Robotics is already deployed at scale, but task adaptation remains a bottleneck. Companies have spent millions on robot arms, industrial machines, warehouses, and automation lines. ReflexOS is a bridge from that existing hardware base to the AI era: an agent can train, adapt, and improve machines through a common MCP tool interface.

This enables:

  • AI-supervised robot training: the agent explores, tests, corrects, and saves new routines.
  • Accessible robotics: smaller teams can teach robots without deep robotics engineering for every workflow.
  • Existing-machine upgrades: companies can connect current robots/machinery to AI instead of replacing them.
  • Cross-robot skill transfer: skills become agent-readable workflows, not only fragile low-level trajectories.
  • Synthetic-to-real correction: the agent compares simulated plans with real execution and records physical-world corrections.

Architecture — the arm is an MCP server

ReflexOS turns the robot arm into a Model Context Protocol (MCP) server: its body is exposed as a surface of safe primitives (perceive, move in joint- or task-space, grip) plus saved skills (validated, replayable tool-call sequences). Any MCP-speaking agent can then operate the arm the same way it would use any other tool — and train, correct, and learn through a pluggable cognitive backend.

   SO-101 arm  ──Python (LeRobot)──►  ROBOT MCP SERVER  (this repo)
   joints + 2 cameras                 perception · joint + Cartesian (FK/IK) · gripper
                                       teaching/skills · safety guardrails
                                                │
                                                │  MCP
                                                ▼
                          AGENT  +  COGNITIVE BACKEND
                          • reasoning model — plans over the camera frame + robot schema
                          • memory / rationale — store skills, corrections, and outcomes

The boundary is deliberate: the LLM plans by composing vetted primitives and recalling skills — it does not improvise raw joint vectors into the motor bus. This is the SayCan / Code-as-Policies pattern: an LLM planner on top of grounded, safety-clamped skills with perception in the verification loop. Every actuation is clamped to joint/workspace limits regardless of what the caller asks for.

Two backends behind one interface (CognitiveBackend):

  • LocalBackend — fully self-contained (local store + a reasoning model). Runs offline, no external account. The repo stands on its own.
  • HostedBackend — connects to a hosted cognitive kernel over MCP (durable memory, decision rationale, learned skills) for the "production" path.

Swapping backends is one flag. A local backend can keep training and replaying skills even if venue networking is unreliable; a hosted backend can add durable memory, rationale, fleet learning, and cross-robot skill transfer.

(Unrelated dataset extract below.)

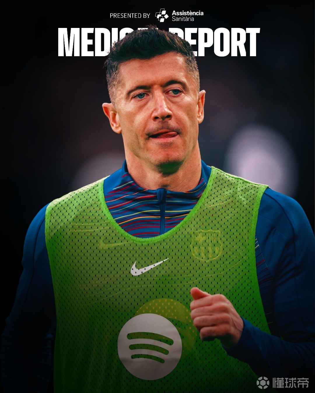 北京时间3月1日,巴萨官方发布公告,表示莱万在对阵比利亚雷亚尔的比赛中遭遇左眼眶骨折,将会伤缺与马竞的国王杯半决赛次回合。

One rule: the dual-process boundary is the latency boundary

The reasoning model and any network call are never in the high-frequency motion loop. Routine motion is local and fast; only escalations and learning writes are allowed to be slow.


Hardware

  • SO-101 open-source arm (leader + follower pair), driven by Hugging Face LeRobot.
  • A USB-C OpenCV/UVC camera for vision (look). The camera is a separate USB device from the Feetech motion bus; ReflexOS unifies both behind one MCP server. (Note: Intel RealSense is not supported on macOS — ReflexOS uses OpenCV/USB cameras and needs no dataset recording for the core demo, so it runs on a Mac.)
  • ⚠️ Power: Leader = 5V, Follower = 12V. Wrong voltage permanently damages the servos — always verify before powering on.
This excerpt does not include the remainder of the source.